Recently, LiDAR sensors is increasingly implemented for traffic object detection tasks due to their advantage of having higher tolerance of lighting conditions and accuracy of relative distance. Regarding traditional methods to deal with the 3D point cloud, one popular workflow is 1) background filtering; 2) traffic object clustering; and 3) object classification [26]. Additionally, the LiDAR point cloud can also be used to identify lane markings [27, 28]. Although some traditional methods have been applied to the 3D point cloud, the greater potential of LiDAR data should be tapped by data-driven methods (e.g., deep learning) which are introduced next.

II-B2 Data-driven Methods

The development of deep neural networks (DNNs) has significantly improved the possibility of dealing with large-scale data, such as high-fidelity images or 3D point clouds. With the great success of deep learning in the image recognition area [29, 30], many DNN-based models have been implemented in object detection for traffic scenarios using cameras or LiDAR sensors. Chabot et al. [31] presented an approach called Deep MANTA, for multi-task vehicle analysis based on the monocular image. In terms of different lighting conditions, Che-Tsung Lin developed a nighttime vehicle detection method based on image style transfer [32]. Chen et al. [33] proposed a shallow model named Concatenated Feature Pyramid Network (CFPN) to detect smaller objects in traffic flow from fish-eye camera images.

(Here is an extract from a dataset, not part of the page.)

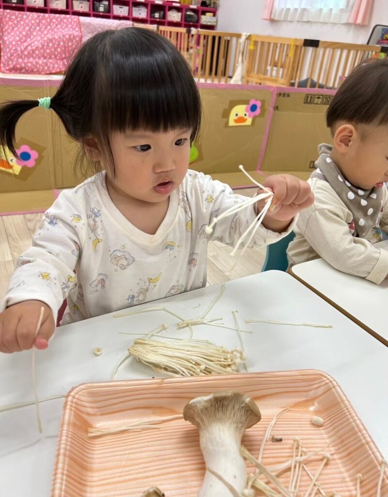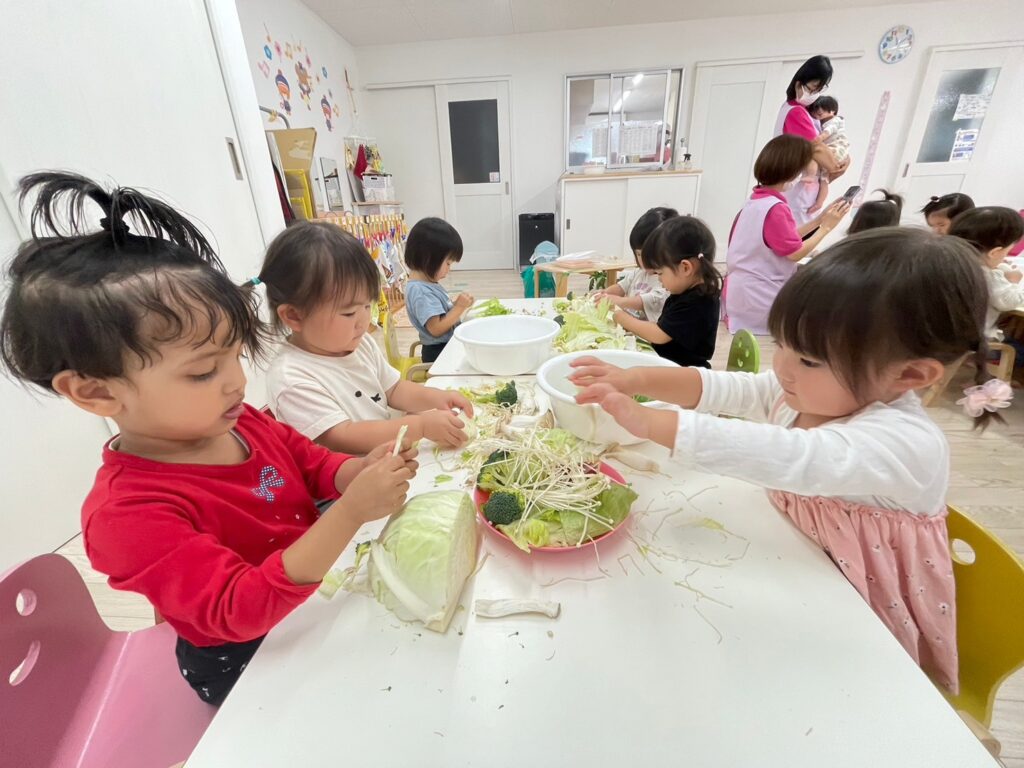 形やにおいを楽しんだ後は野菜を割いたり千切ったりして遊びましたよ。

Additionally, 3D-LiDAR is also getting more popular in traffic object detection [34]. For instance, Asvadi et al. [35] presented an algorithm named DepthCN which used deep convolutional neural networks (CNNs) for vehicle detection. Considering the real-time requirement for autonomous driving applications, Zeng et al. [36] proposed a real-time 3D vehicle detection method by utilizing pre-RoI-pooling convolution and pose-sensitive feature maps. Simon et al. [37] proposed an Euler-Region-Proposal for real-time 3D object detection with point clouds, called ComplexYolo, which is capable of generating rotated bounding boxes for 3D objects. For CDA applications, traffic object detection needs meticulous consideration. Thus, in our CMM co-simulation framework, the ComplexYolo model is adapted with customized improvements for real-time vehicle and pedestrian detection.

III Platform Structure and Design

This section will describe the concept of cyber mobility mirror (CMM) in detail and the system architecture of the co-simulation platform based on CARLA. Specifically, the design and development of the real-world simulator, the mirror simulator, the data communication module, and the authentic perception module will be introduced.

III-A CMM Based Co-Simulation Architecture

As aforementioned, the cyber mobility mirror can further tap the potential of the traffic object surveillance systems to enable cooperative driving automation (CDA), especially for routing planning, cooperative decision-making, and motion control. From this perspective, this paper presents a co-simulation platform based on the CMM concept. Figure 2 demonstrates the concept of CMM with an intersection scenario and the system architecture of the CMM-based co-simulation.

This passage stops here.